About Me

Pearl City, HI, United States
Husband, father, grandfather, friend...a few of the roles acquired in 68 years of living. I keep an upbeat attitude, loving humor and the singular freedom of a perfect laugh. I don't let curmudgeons ruin my day; that only gives them power over me. Having experienced death once, I no longer fear it, although I am still frightened by the process of dying. I love to write because it allows me the freedom to vent those complex feelings that bounce restlessly off the walls of my mind; and express the beauty that can only be found within the human heart.

Wednesday, June 01, 2011

Being in the Crosshairs**

Copyright © 2011 by Ralph Couey

*Chicago Tribune
June 24, 2011
as "In the crosshairs"

*Somerset, PA Daily American
June 25, 2011
as "Being in the crosshairs"

Humans have a great capacity for insecurity.  It is a sad trait, debasing and abusing others for the purpose of making one’s self feel superior.
In middle-and high-school, the “beautiful” people, athletes, cheerleaders, those with popular personalities and those blessed with good looks act against the plain, the dull, the fat -- anyone deemed to be different.  Such shunning amongst teenagers was always thought normal; par for the course of growing up.  But in recent years, the Internet and the proliferation of mobile communications has made things much worse. 
When I was that age, I was the fat, pimply-faced kid with thick glasses and no social skills and hence, the target for abuse of many of my classmates.  Yet, at the end of the day, I could return home, close the door, and feel safe.  And loved.  Today, there is no such sanctuary.  Through social networking, Twitter, and email, those insults follow the child home, hidden out of shame from clueless parents. 
This abuse has cost lives.  Children, emotionally crushed beyond rescue, have committed suicide. Others have turned to violence themselves, taking guns to school and turning them on other children.  But despite those tragedies, the anonymous cruelty continues unabated. 

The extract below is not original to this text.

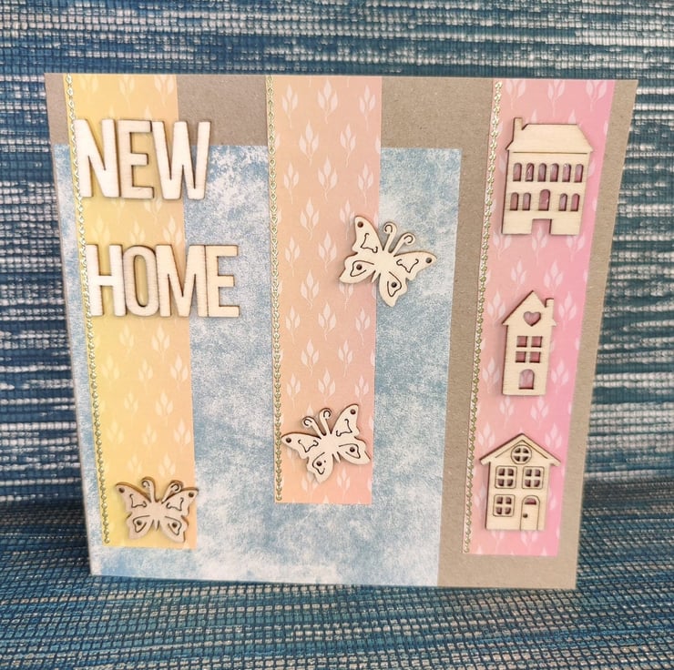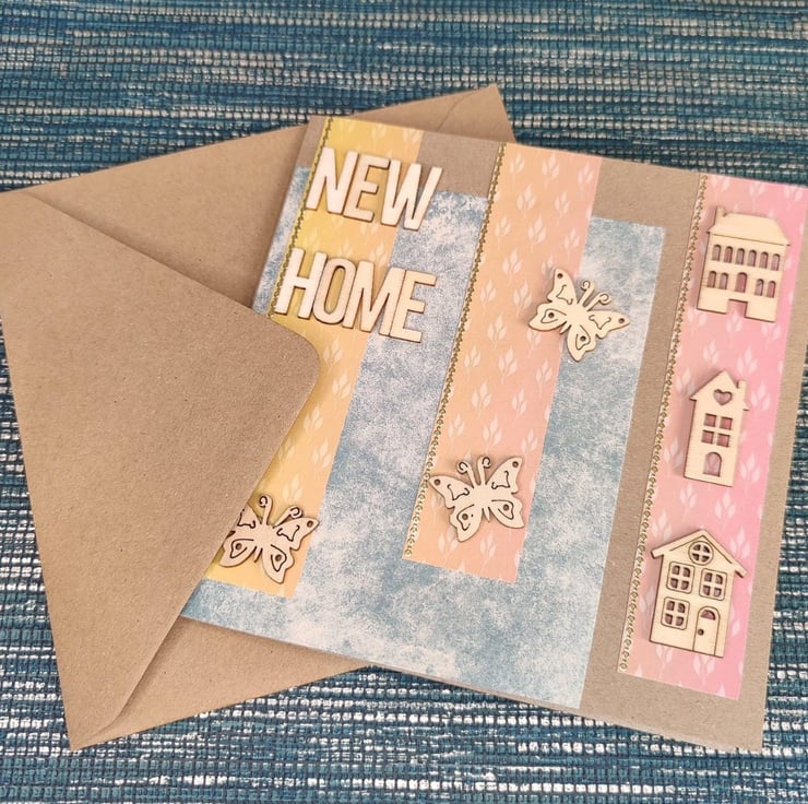 Bespoke individually handmade new home card using the best quality kraft card with a unique design. Using individually selected wooden embellishments to personalise each card. This card comes with a white paper inlay perfect for your own personalised message. All cards come with a unique wax stamp on the back telling you whos designed the card.

That kind of behavior is supposed to be left behind after adolescence. But there are still those who project their own insecurities onto others.  We’ve given this behavior several names.  If someone is rich and connected, we call it snobbery.  Among intellectuals, it’s called elitism.  Between races, it becomes prejudice.  Across a society, it’s called shunning.
I’ve struggled with a weight problem my whole life.  Earlier this year, I had lap-band surgery, which has been very successful.  But for those who don’t know me, or how far I’ve come, I still look fat.
Last month, a mother and daughter returning home on a major airline were forced to buy two seats each because of their girth, even though this hadn’t been an issue on the trip out.  This mortifying inquisition took place at the gate, in full view and hearing of many of their fellow passengers.  Reading below the article to the comments section, I was horrified at the tone and tenor of the responses.  Not only did most of the respondents agree with the airline, they did so in language that could only be described as hateful.
Dinesh D’Souza, in his book “What’s So Great About America?” details a conversation with a fellow Indian who emigrated to the United States.  When asked why he came, he replied, “I want to live in a country where the poor people are fat.”  If government reports are accurate, he came to the right place.  We have gotten larger and heavier as a population, with corresponding increases in things like coronary artery disease, diabetes, and joint problems.
Unfortunately, we wear our struggle where everyone else can see it.  This makes us easy targets for those in search of them.  Our privacy doesn’t matter anymore because society is now turning to obesity as the cause du jour.  
Obesity has been identified as an illness.  But despite the verdict of medicine, skinny society still views obesity as a weakness; a character flaw.  And now, fat people are now the new targets of the practically perfect set. 
While it is an illness, it doesn’t have to be terminal.  Modern medicine has developed a host of alternatives, ranging from behavioral and medical programs to surgical intervention.  These are no longer elective procedures; nearly all insurance covers them.  All that is required is for the patient to make the emotional commitment. 
I will always have a deep sense of empathy for the overweight.  I’ve been there (still am, as a matter of fact) and unless you’ve struggled with these physical problems, and the mental and emotional issues that birthed them, you cannot understand how hard a path it is.  Try to look beyond the prejudice of your eyes and seek out the heart and soul of the human that lives within.
If you are struggling with your weight, please talk to your doctor.  Science has learned volumes, and there are effective alternatives, both medical and surgical.  You are a child of God; you have value and worth, not only to Him but to your loved ones as well.  For their sake you need to live a long and healthy life. 
But be aware that we are now the new targets. 
American culture is about to become the High School from Hell.